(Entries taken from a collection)
---*---
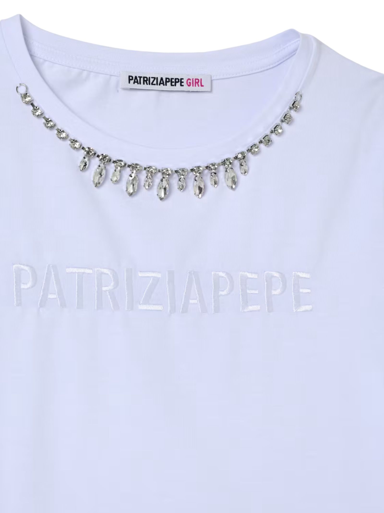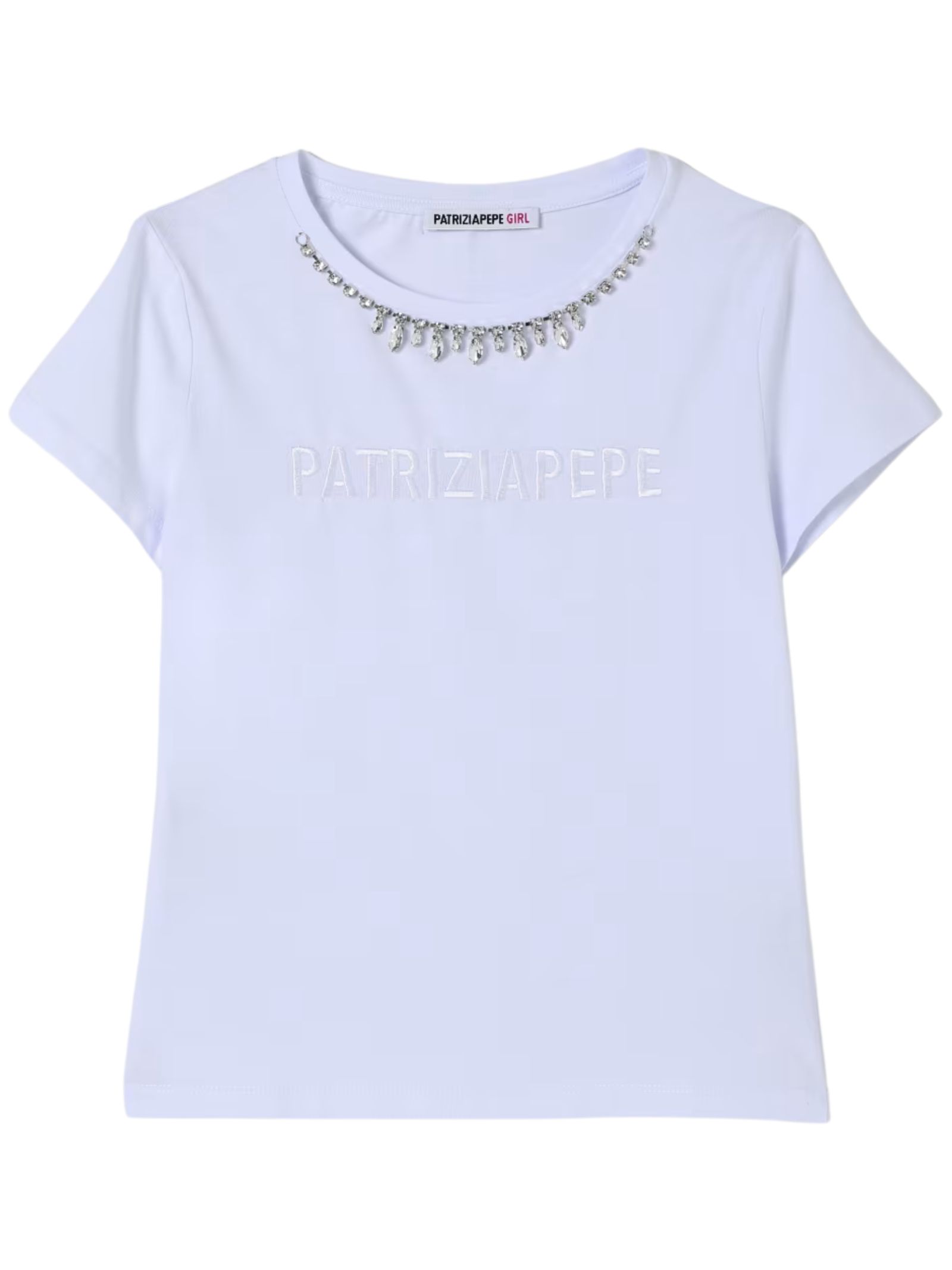 Patrizia Pepe Kids t-shirt di colore bianco, modello girocollo, mezza manica, caratterizzata da collana di strass, ricamo centrale logo, vestibilità regolare. Composizione: 100% cotone
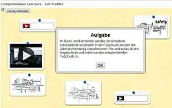 Das Autorenwerkzeug erlaubt die Nutzung und Mischung verschiedener Multimedia-Formate. Im Fremdsprachenunterricht sind Comprehension Exercises möglich. Ein Beispiel: Die Lernenden müssen kurzen Radio- und Fernseh-Sequenzen über Berufsbilder Tagclouds zuordnen, welche stichwortartig diese Berufe beschreiben. Die Schwierigkeit besteht darin, sich zunächst die Gesprächssequenzen anzuhören, sich die Inhalte der Gespräche zu vergegenwärtigen und anschließend die inhaltlich passenden Tagclouds zu identifizieren. Im Unterschied zu Zuordnungsaufgaben mit Bildern und Texten stellt dieses Aufgabenformat höhere kognitive Anforderungen an die Lernenden.
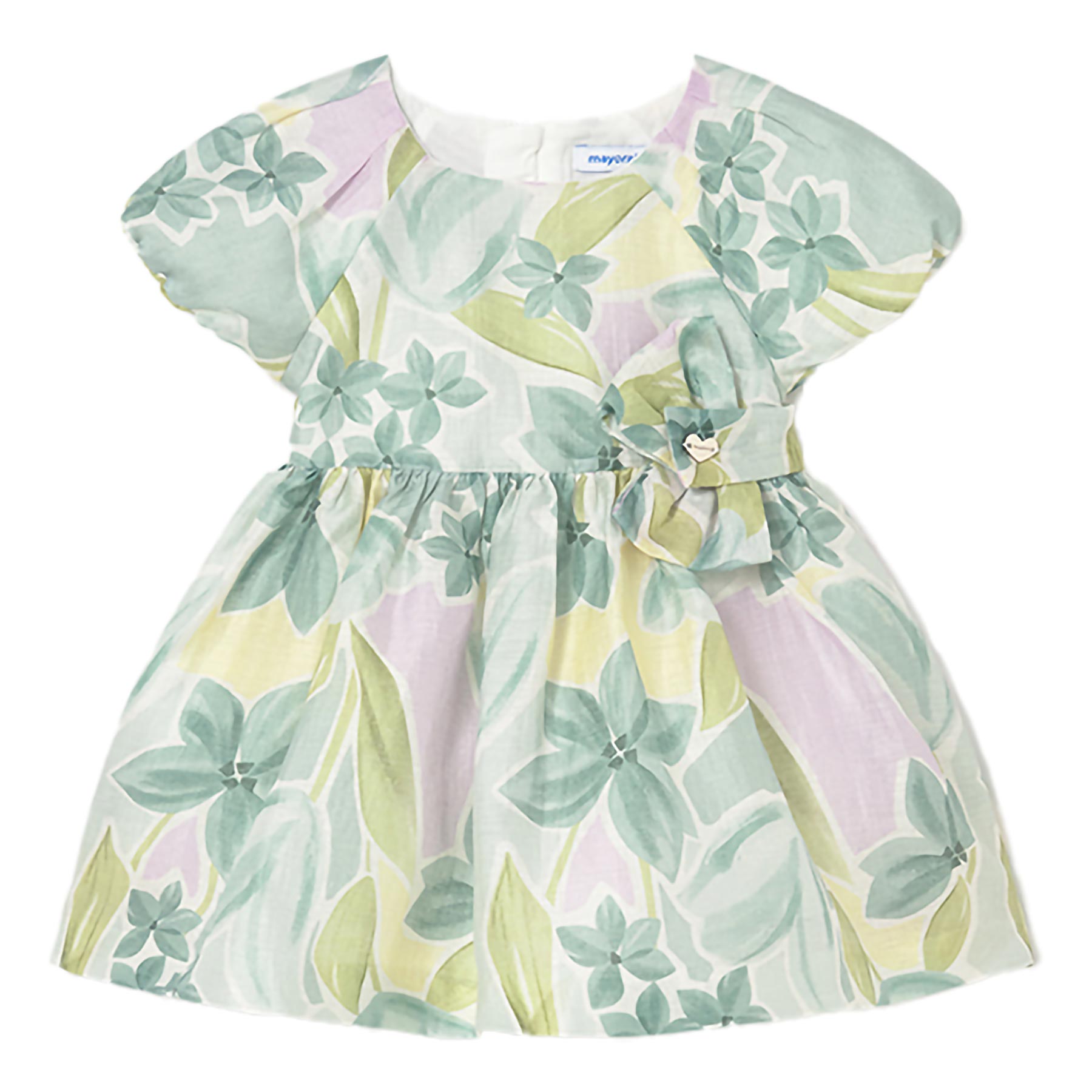 Mayoral Toddler Girls Summer collection. Pretty linen cotton party dress with vibrant all over print and large fixed bow on the front of the waist with heart charm. Puff sleeves, lined with petticoat and concealed zip at the back. Perfect for summer parties and holidays. Easy to wear and care for. Perfect little sister/big sister holiday outfits. Available in other colours. Older sister version also available.
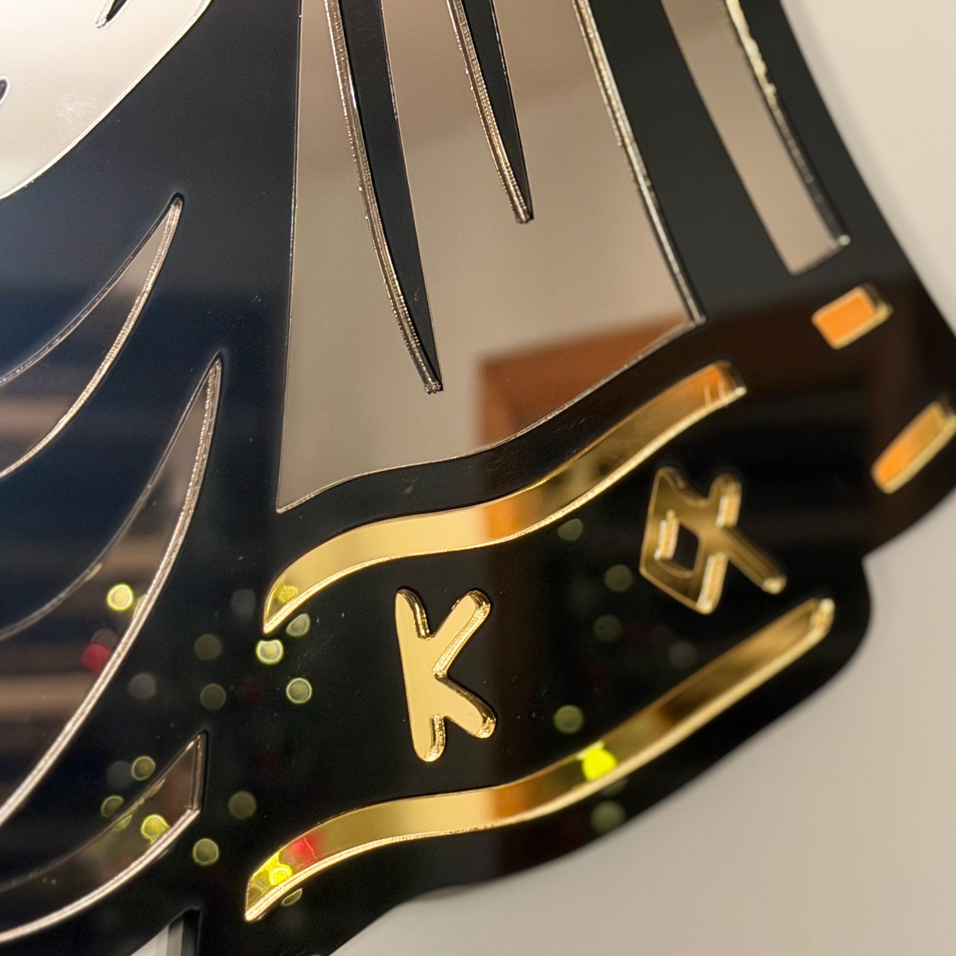 - Crafted from gold, silver, and bronze mirror acrylic with bold black detailing
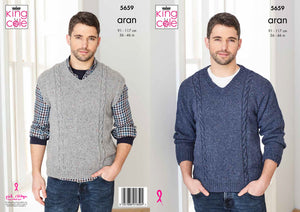 King Cole Knitting Pattern Mens Sweater & Sleeveless Sweater - Aran 5659
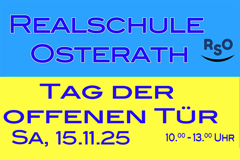 Der diesjährige Tag der offenen Tür der Realschule Osterath findet am Samstag, den 15.11.2025, in der Zeit von 10.00 - 13.00 Uhr statt. Am Tag der offenen Tür wird den Schüler:innen der jetzigen 4. Klassen und deren Eltern einiges geboten:
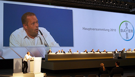 Für den „Winter 2009/2010 sind nach Schätzungen von Fachleuten des Umweltbund e.V. in Deutschland je nach Region zwischen 30 und 60 Prozent der Bienenvölker verendet. Das sind im Schnitt etwa 20 - 50 Prozent mehr als üblich“, berichtete Imker Manfred Geber auf einer Bayer-Aktionärsversammlung Ende April 2010 (Siehe NRhZ v. 5.5.2010). Im vorangangenen Jahr waren es noch einmal 15 – 20 Prozent. Eine Untersuchung in den USA habe zudem ergeben, dass in Bienen, Bienenwachs, Pollen oder Pflanzenproben im Schnitt etwa 7 Wirkstoffe gefunden worden, die dort nicht hingehören. Gerber macht die Pestizide von Bayer mitverantwortlich für die Situation. Agrarminister und Europäische Union schlagen Alarm und fordern gegen die „rätselhaften Erkrankungen“ Medikamente für Bienen genau von der Chemischen Industrie, die höchst wirksame Pestizide in Natur und Landwirtschaft verbreitet.
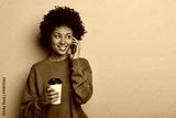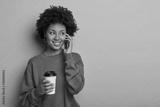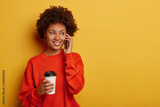 Enthusiastic young Afro girl has phone conversation, speaks with friend and hears funny joke, dressed in casual clothing, drinks aromatic beverage from paper cup looks aside models against yellow wall
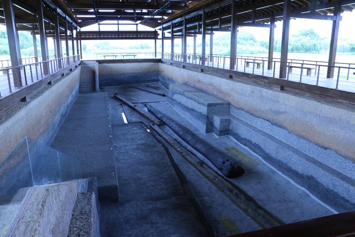 7月8日,良渚古城遺址“宮殿巨型木構”復原展示區正式對外開放,迎來游客參觀熱潮。這些長短不一、神秘的巨型木構件原件發掘于莫角山宮殿東側的鐘家港古河道中,最長的甚至高達17.2米。
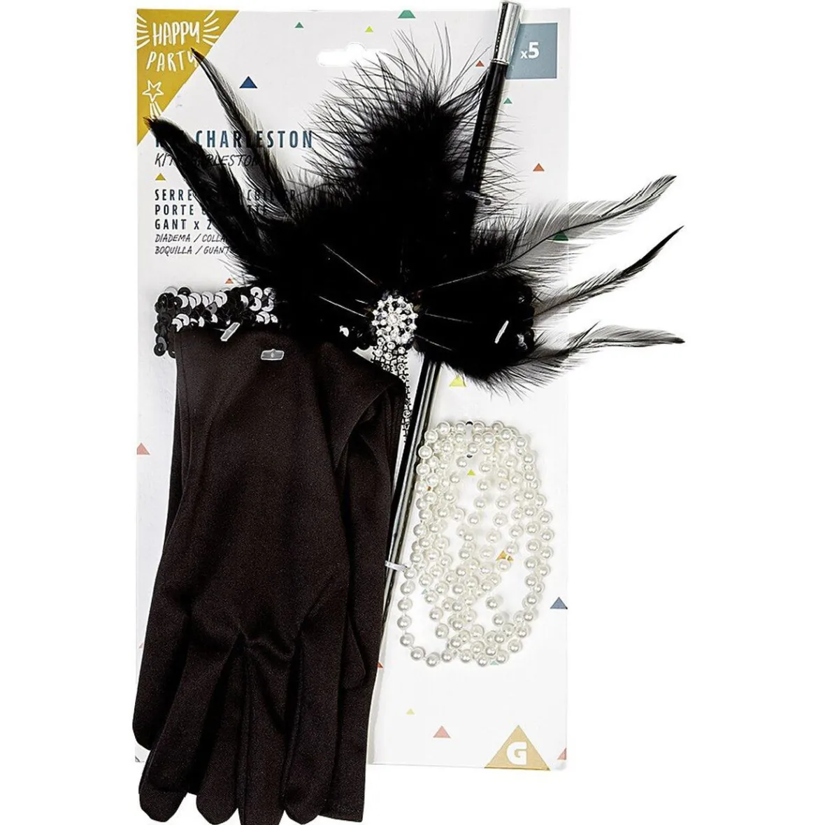 Soyez la reine du Charleston avec ce kit de 4 accessoires comprenant un bandeau, un collier, un porte cigarette et une paire de gant.
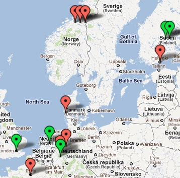 European best practice examples are listed by country in the map below. Energy saving services are marked with green dots and demand response services with red dots.
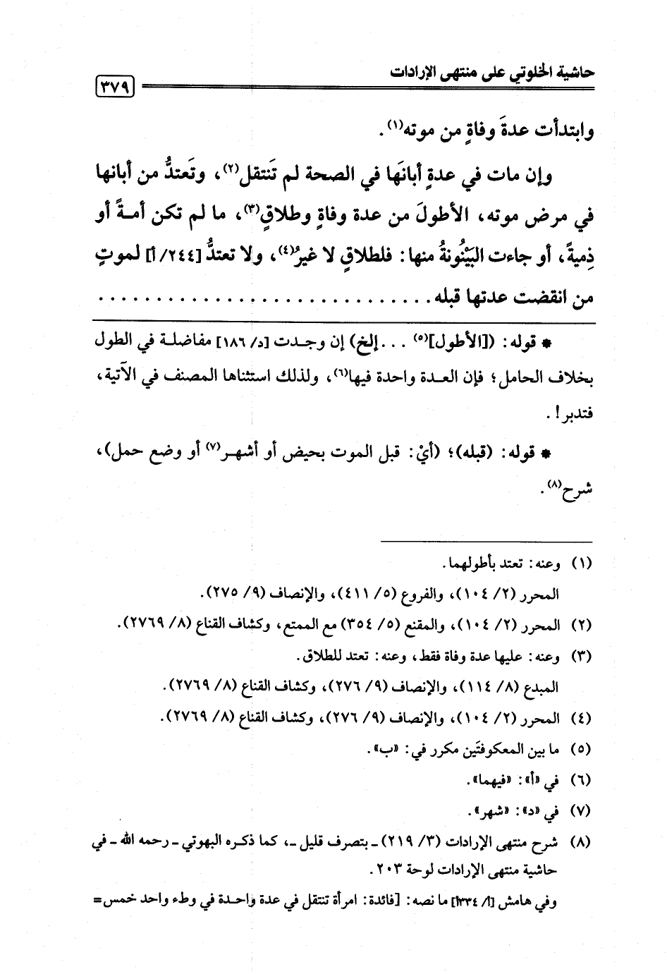 (¬8) شرح منتهى الإرادات (3/ 219) -بتصرف قليل-، كما ذكره البهوتي -رحمه اللَّه- في حاشية منتهى الإرادات لوحة 203.
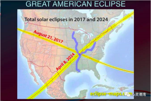 另一个重大的事件是2017年8月21号美国的超级日全食,在日食发生的地区会出现100%全部的黑暗,这还不够稀奇,真正的稀奇是7年之后它要发生同样的日全食,第一次发生的时候从西北方向交叉到东南,7年之后从东北方交叉到西南方,两个日食的交叉口恰好落在伊利诺州的小埃及地区,所以使得全世界关注这个日全食,7年对于Ji督徒来讲是一个非常有重要意义的日子。
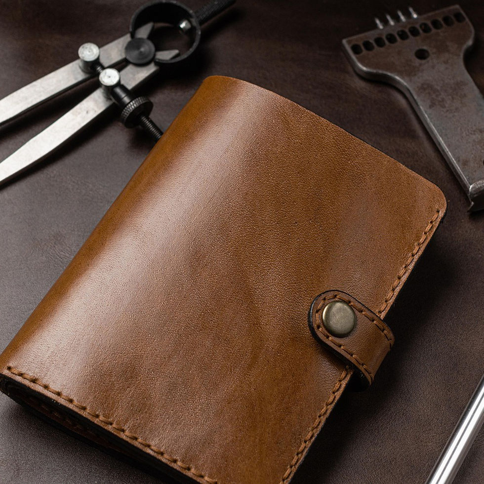 This project showcases the art of sewing and leather crafting, featuring images of hands sewing fabric, industrial sewing machines, and a brown leather wallet with metal button clasp.
---*---
__DESCRIPTION OF THE TASK__:
Set down every entry above exactly as written. Leave out all pictures.

__OUTPUT FOR THIS TASK__:
 Patrizia Pepe Kids t-shirt di colore bianco, modello girocollo, mezza manica, caratterizzata da collana di strass, ricamo centrale logo, vestibilità regolare. Composizione: 100% cotone
 Das Autorenwerkzeug erlaubt die Nutzung und Mischung verschiedener Multimedia-Formate. Im Fremdsprachenunterricht sind Comprehension Exercises möglich. Ein Beispiel: Die Lernenden müssen kurzen Radio- und Fernseh-Sequenzen über Berufsbilder Tagclouds zuordnen, welche stichwortartig diese Berufe beschreiben. Die Schwierigkeit besteht darin, sich zunächst die Gesprächssequenzen anzuhören, sich die Inhalte der Gespräche zu vergegenwärtigen und anschließend die inhaltlich passenden Tagclouds zu identifizieren. Im Unterschied zu Zuordnungsaufgaben mit Bildern und Texten stellt dieses Aufgabenformat höhere kognitive Anforderungen an die Lernenden.
 Mayoral Toddler Girls Summer collection. Pretty linen cotton party dress with vibrant all over print and large fixed bow on the front of the waist with heart charm. Puff sleeves, lined with petticoat and concealed zip at the back. Perfect for summer parties and holidays. Easy to wear and care for. Perfect little sister/big sister holiday outfits. Available in other colours. Older sister version also available.
 - Crafted from gold, silver, and bronze mirror acrylic with bold black detailing
 King Cole Knitting Pattern Mens Sweater & Sleeveless Sweater - Aran 5659
 Der diesjährige Tag der offenen Tür der Realschule Osterath findet am Samstag, den 15.11.2025, in der Zeit von 10.00 - 13.00 Uhr statt. Am Tag der offenen Tür wird den Schüler:innen der jetzigen 4. Klassen und deren Eltern einiges geboten:
 Für den „Winter 2009/2010 sind nach Schätzungen von Fachleuten des Umweltbund e.V. in Deutschland je nach Region zwischen 30 und 60 Prozent der Bienenvölker verendet. Das sind im Schnitt etwa 20 - 50 Prozent mehr als üblich“, berichtete Imker Manfred Geber auf einer Bayer-Aktionärsversammlung Ende April 2010 (Siehe NRhZ v. 5.5.2010). Im vorangangenen Jahr waren es noch einmal 15 – 20 Prozent. Eine Untersuchung in den USA habe zudem ergeben, dass in Bienen, Bienenwachs, Pollen oder Pflanzenproben im Schnitt etwa 7 Wirkstoffe gefunden worden, die dort nicht hingehören. Gerber macht die Pestizide von Bayer mitverantwortlich für die Situation. Agrarminister und Europäische Union schlagen Alarm und fordern gegen die „rätselhaften Erkrankungen“ Medikamente für Bienen genau von der Chemischen Industrie, die höchst wirksame Pestizide in Natur und Landwirtschaft verbreitet.
 Enthusiastic young Afro girl has phone conversation, speaks with friend and hears funny joke, dressed in casual clothing, drinks aromatic beverage from paper cup looks aside models against yellow wall
 7月8日,良渚古城遺址“宮殿巨型木構”復原展示區正式對外開放,迎來游客參觀熱潮。這些長短不一、神秘的巨型木構件原件發掘于莫角山宮殿東側的鐘家港古河道中,最長的甚至高達17.2米。
 Soyez la reine du Charleston avec ce kit de 4 accessoires comprenant un bandeau, un collier, un porte cigarette et une paire de gant.
 European best practice examples are listed by country in the map below. Energy saving services are marked with green dots and demand response services with red dots.
 (¬8) شرح منتهى الإرادات (3/ 219) -بتصرف قليل-، كما ذكره البهوتي -رحمه اللَّه- في حاشية منتهى الإرادات لوحة 203.
 另一个重大的事件是2017年8月21号美国的超级日全食,在日食发生的地区会出现100%全部的黑暗,这还不够稀奇,真正的稀奇是7年之后它要发生同样的日全食,第一次发生的时候从西北方向交叉到东南,7年之后从东北方交叉到西南方,两个日食的交叉口恰好落在伊利诺州的小埃及地区,所以使得全世界关注这个日全食,7年对于Ji督徒来讲是一个非常有重要意义的日子。
 This project showcases the art of sewing and leather crafting, featuring images of hands sewing fabric, industrial sewing machines, and a brown leather wallet with metal button clasp.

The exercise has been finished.